- [RECORDS SHOWN]
▼

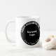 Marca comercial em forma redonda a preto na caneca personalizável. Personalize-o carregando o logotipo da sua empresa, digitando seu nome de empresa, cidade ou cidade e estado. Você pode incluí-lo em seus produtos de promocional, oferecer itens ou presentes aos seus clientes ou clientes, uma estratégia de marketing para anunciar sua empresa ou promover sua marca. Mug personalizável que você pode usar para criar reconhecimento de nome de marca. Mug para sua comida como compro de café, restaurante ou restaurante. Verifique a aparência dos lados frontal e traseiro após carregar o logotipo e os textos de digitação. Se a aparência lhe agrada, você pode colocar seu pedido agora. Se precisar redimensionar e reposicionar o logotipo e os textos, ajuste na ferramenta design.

▲
▼

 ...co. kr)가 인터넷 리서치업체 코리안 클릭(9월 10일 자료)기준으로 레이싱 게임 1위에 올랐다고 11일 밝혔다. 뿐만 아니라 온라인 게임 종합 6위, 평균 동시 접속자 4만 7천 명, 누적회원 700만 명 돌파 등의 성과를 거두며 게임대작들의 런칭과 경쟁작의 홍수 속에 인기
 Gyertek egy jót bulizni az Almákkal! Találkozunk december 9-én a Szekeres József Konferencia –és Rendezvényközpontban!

▲

- [DIRECTIONS] Look above for the line holding "경쟁작의 홍수 속에 인기" and the line holding "Gyertek egy jót", then output exactly those two lines and every line between them, nothing more.

- [EXPECTED OUTPUT]
 ...co. kr)가 인터넷 리서치업체 코리안 클릭(9월 10일 자료)기준으로 레이싱 게임 1위에 올랐다고 11일 밝혔다. 뿐만 아니라 온라인 게임 종합 6위, 평균 동시 접속자 4만 7천 명, 누적회원 700만 명 돌파 등의 성과를 거두며 게임대작들의 런칭과 경쟁작의 홍수 속에 인기
 Gyertek egy jót bulizni az Almákkal! Találkozunk december 9-én a Szekeres József Konferencia –és Rendezvényközpontban!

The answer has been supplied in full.